• Maryse Condé on the Iconic African Dish That Conjures a Thousand Homes

    Friendship and Family Over Mafé

    In my previous book What is Africa to Me?, an unsentimental autobiography, where I tell the honest truth about myself, I wrote in detail about the leaden years I went through before becoming a writer and I have no intention whatsoever of repeating myself here. I shall merely say that during the years I spent in Guinea the art of cooking was no longer a preoccupation. Eating came down to its purely physical function: filling one’s stomach in order to survive.

    Moreover, there wasn’t a single restaurant in Conakry besides the one at the hotel in Camayenne which served up a so-called continental cuisine without ever indicating what continent it was referring to. Sometimes around the edge of the bus station the market women managed to procure some plantains and would sell kelewele or aloko. I left the cooking in the hands of my boy, Ibrahima, a Peul with a famished expression, which did not augur well. Appearances, however, are deceiving. he spent most of his time scouring the neighborhood markets in search of food. Whenever he was lucky enough to unearth a chicken as big as your fist or a tough, stony chunk of meat we celebrated. I would bring out the silverware, a wedding present from one of my sisters, and invite Françoise, a friend from Guadeloupe, who lived three houses down. She had taken advantage of her vacation in Sainte-Anne to bring back a stock of salted codfish so as least she could make accras or cod fritters.

    Ibrahima invariably cooked a mafé. Mafé is a dish from Mali very easy to prepare as it only requires meat, peanut paste and tomato sauce. You can also add cabbage and sweet potatoes which given our impoverished state seldom happened. I loved mafé. it did not require palm oil: long before today’s dieticians I loathed this condiment which I considered too greasy and dangerous for one’s health. Consequently, the mere mention of mafé conjures up for me food shortages and a country’s destitution. I had little idea that one day it would turn out to give me a delicious surprise.
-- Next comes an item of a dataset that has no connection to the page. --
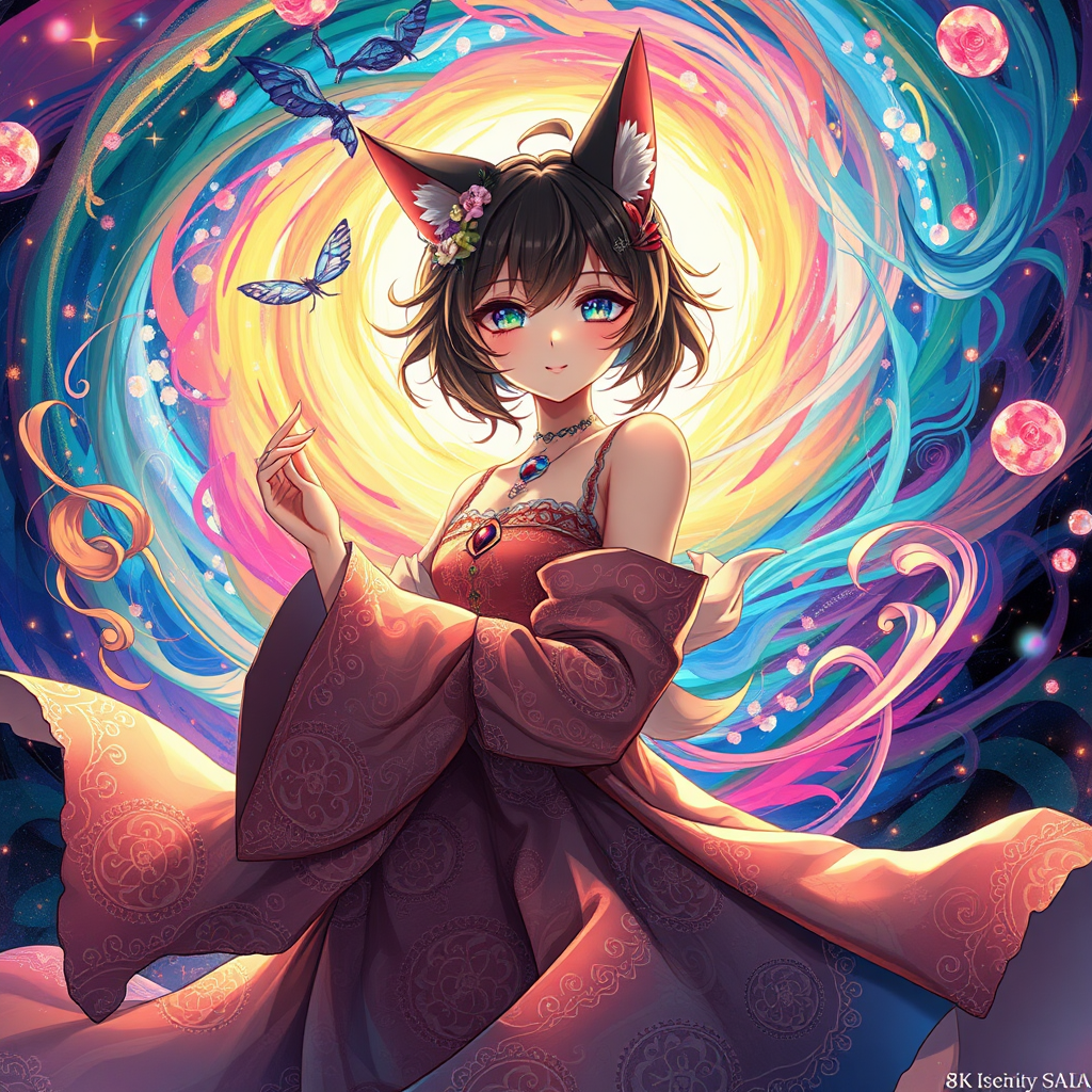 A whimsical scene features a woman with feline ears and a flowing dress adorned with intricate patterns, set against a vibrant, swirling backdrop that bursts with color. Her eyes glimmer with an otherworldly light, capturing the essence of anime fantasy. The setting evokes a dreamlike quality, reminiscent of Yuumei's ethereal style, blending beautifully detailed designs with the allure of onmyoji lore. The artwork is rendered in painstaking detail, creating a mesmerizing 8K digital tapestry that invites viewers to explore its fantastical depths, offering a unique blend of elegance and enchantment.

    No sooner had I settled down in Winneba in Ghana where I taught French than I was invited to a literary afternoon in Accra. it forced me to drive back into town, sixty kilometres along a dangerous road busy with large trucks. Yet I didn’t hesitate for one moment. it had been too long since I had attended a meeting for intellectuals. I was going soft in the head. to think that at the age of twenty I was capable of holding forth with brio on sticky topics such as “Can the pursuit of happiness justify an entire life?” For the time being I had trouble helping my children do their homework.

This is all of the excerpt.